- HIV cannot multiply on its own.
- HIV attaches itself to an immune system ‘T-helper’ cell, fuses with it, takes control of its DNA, replicates itself inside the cell, and then releases new HIV into the blood.
- Different HIV treatment drugs stop the virus fusing, stop it integrating its genetic code, and stop it releasing new copies of itself into the bloodstream.
Understanding how HIV infects the body is important to help explain how HIV drugs work to treat the virus. The science behind the virus and the HIV life cycle help put wider prevention, treatment, and general HIV awareness into context.
The immune system and HIV
The HIV virus attacks white blood cells, which are called T-helper cells or CD4 cells. These are important when it comes to having a healthy immune system as they help us fight off diseases and infections.
HIV cannot grow or reproduce on its own. Instead, it makes new copies of itself inside T-helper cells. This damages the immune system and gradually weakens our natural defences. This process of infected T-helper cells multiplying is called the HIV life cycle.

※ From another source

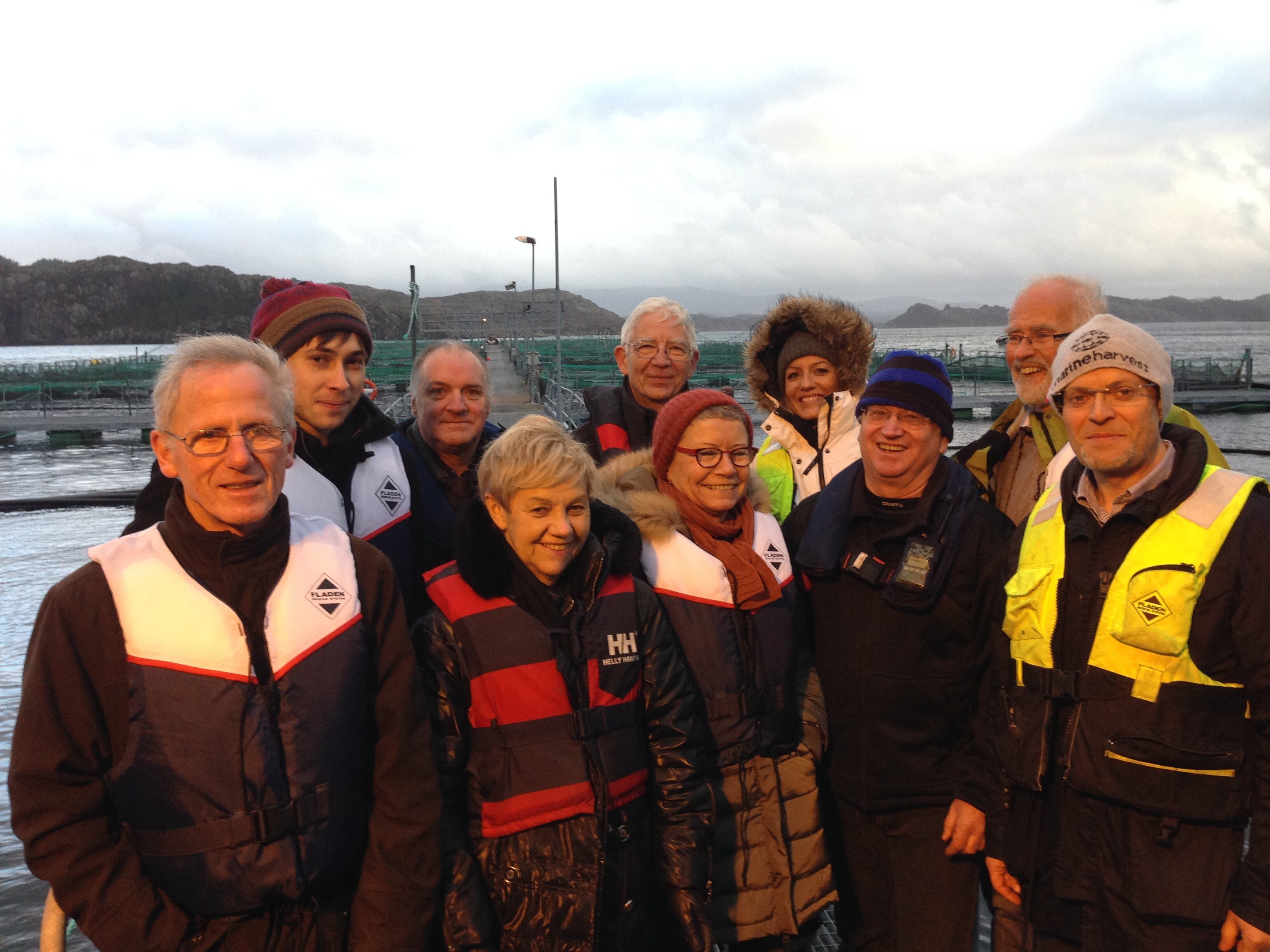Franske journalister og representanter fra franske forbrukerorganisasjoner besøker ett av Marine Harvests oppdrettsanlegg i Bergen i desember 2013. Foto: Norges sjømatråd

How quickly the virus develops depends on your overall health, how early you are diagnosed, and how well you take your treatment. It’s important to know that antiretroviral treatment will keep the immune system healthy if taken correctly, preventing the symptoms and illnesses associated with AIDS developing.
The HIV life cycle
There are several steps in the life cycle of HIV that can happen over many years. Antiretroviral treatment works by interrupting the cycle and protecting your immune system. There are different drugs offered depending on the particular stage of the HIV life cycle.
Understanding the HIV life cycle helps scientists to know how to attack the virus when it is weak and reduce its ability to multiply. Drug resistance means a person’s HIV treatment no longer prevents the virus from multiplying. This usually happens if treatment has not been taken correctly, allowing the virus to mutate.
Stages of the HIV life cycle
1. Binding and fusion
First, the HIV virus attaches itself to a T-helper cell and releases HIV into the cell.
Drugs that can stop this part of the process are called Fusion or Entry Inhibitors.
2. Conversion and integration
Once inside the cell, HIV changes its genetic material so it can enter the nucleus of the cell and take control of it.
Drugs that can stop this part of the process are called NRTIs, NNRTIs and Integrase Inhibitors.
The cell then produces more HIV proteins that can be used to produce more HIV.
4. Assembly, budding and maturation
New HIV particles are then released from the T-helper cell into the bloodstream. These are now ready to infect other cells and begin the process all over again.
Drugs that can stop this part of the process are called Protease Inhibitors.
Antiretroviral treatment (or ART for short) uses a number of different HIV medicines to treat HIV infection. By combining different drugs that target different steps in the HIV life cycle ART is now very effective at preventing HIV from multiplying, and enables people who are on treatment to live longer, healthier lives.